• _WORK ORDER_: All that is wanted is the exact text of the lines below from the one with "Absolument divine dans" through the one with "52 1/2-56 |", inclusive, minus any pictures.

• _RECORDS FOR THE TASK_:
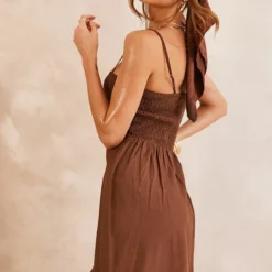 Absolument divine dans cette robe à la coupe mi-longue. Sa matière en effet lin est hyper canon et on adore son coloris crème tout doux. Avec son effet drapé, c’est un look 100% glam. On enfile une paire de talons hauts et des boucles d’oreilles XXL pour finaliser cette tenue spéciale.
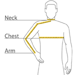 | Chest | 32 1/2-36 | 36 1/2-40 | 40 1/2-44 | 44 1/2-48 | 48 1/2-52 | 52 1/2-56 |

==

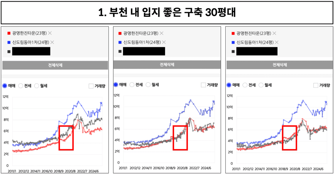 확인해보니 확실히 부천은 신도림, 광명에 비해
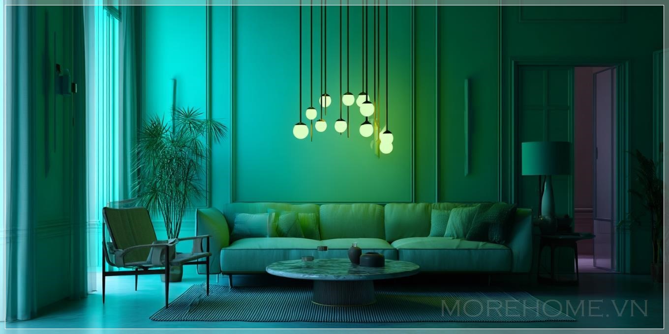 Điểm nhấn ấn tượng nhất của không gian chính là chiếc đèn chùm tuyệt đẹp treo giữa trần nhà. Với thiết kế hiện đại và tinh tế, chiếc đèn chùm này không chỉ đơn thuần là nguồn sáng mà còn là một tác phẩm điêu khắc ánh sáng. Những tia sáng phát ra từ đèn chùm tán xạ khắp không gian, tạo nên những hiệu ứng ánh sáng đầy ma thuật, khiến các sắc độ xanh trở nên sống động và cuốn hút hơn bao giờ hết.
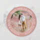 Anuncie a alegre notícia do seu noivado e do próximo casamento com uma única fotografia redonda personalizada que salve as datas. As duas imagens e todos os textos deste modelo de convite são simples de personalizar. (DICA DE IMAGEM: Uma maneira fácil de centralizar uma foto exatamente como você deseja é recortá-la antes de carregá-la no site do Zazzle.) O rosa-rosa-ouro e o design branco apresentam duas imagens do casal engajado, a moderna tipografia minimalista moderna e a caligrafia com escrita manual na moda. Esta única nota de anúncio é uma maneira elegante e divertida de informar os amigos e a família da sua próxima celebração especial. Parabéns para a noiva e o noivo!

• _SOLUTION TO THIS TASK_:
 Absolument divine dans cette robe à la coupe mi-longue. Sa matière en effet lin est hyper canon et on adore son coloris crème tout doux. Avec son effet drapé, c’est un look 100% glam. On enfile une paire de talons hauts et des boucles d’oreilles XXL pour finaliser cette tenue spéciale.
 | Chest | 32 1/2-36 | 36 1/2-40 | 40 1/2-44 | 44 1/2-48 | 48 1/2-52 | 52 1/2-56 |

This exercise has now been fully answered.